*Your instructions:* Everything from the line with "A file photo" down to the line with "This elegant and" below must be printed exactly, those two lines included. Exclude pictures.

*Data for processing:*
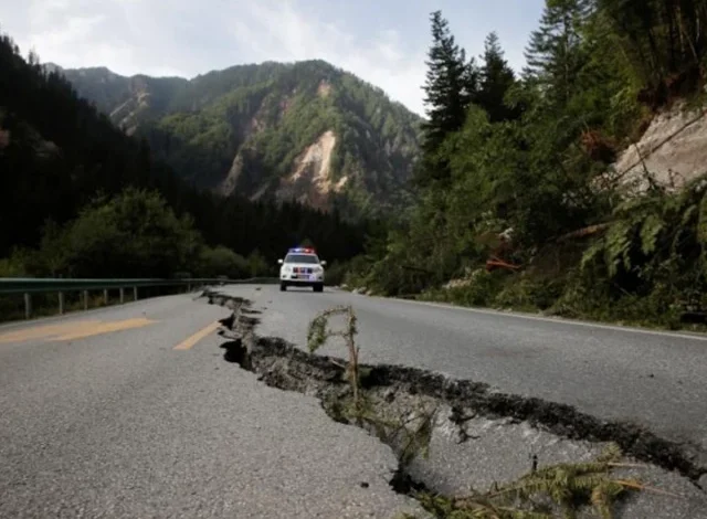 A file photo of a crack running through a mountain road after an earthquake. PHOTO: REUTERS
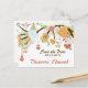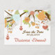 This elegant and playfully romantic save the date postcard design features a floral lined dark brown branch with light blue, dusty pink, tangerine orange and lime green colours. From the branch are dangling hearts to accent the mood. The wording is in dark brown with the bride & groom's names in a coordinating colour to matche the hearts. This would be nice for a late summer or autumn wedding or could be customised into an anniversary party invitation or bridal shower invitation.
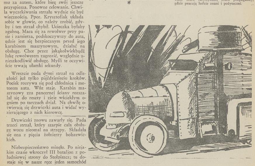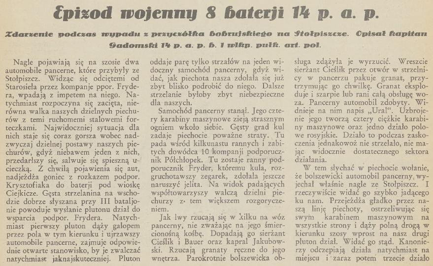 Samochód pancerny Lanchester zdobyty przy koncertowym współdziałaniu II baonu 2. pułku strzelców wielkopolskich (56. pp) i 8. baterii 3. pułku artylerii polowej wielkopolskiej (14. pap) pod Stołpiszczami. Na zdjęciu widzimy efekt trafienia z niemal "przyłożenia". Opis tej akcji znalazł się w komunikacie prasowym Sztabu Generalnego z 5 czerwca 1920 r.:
...
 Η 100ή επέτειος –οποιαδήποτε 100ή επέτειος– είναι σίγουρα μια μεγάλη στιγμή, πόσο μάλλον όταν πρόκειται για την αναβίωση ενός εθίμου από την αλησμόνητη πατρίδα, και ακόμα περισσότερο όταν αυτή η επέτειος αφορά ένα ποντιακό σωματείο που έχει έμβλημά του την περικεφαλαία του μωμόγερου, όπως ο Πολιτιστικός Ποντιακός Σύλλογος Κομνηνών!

*Completed exercise:*
 A file photo of a crack running through a mountain road after an earthquake. PHOTO: REUTERS
 This elegant and playfully romantic save the date postcard design features a floral lined dark brown branch with light blue, dusty pink, tangerine orange and lime green colours. From the branch are dangling hearts to accent the mood. The wording is in dark brown with the bride & groom's names in a coordinating colour to matche the hearts. This would be nice for a late summer or autumn wedding or could be customised into an anniversary party invitation or bridal shower invitation.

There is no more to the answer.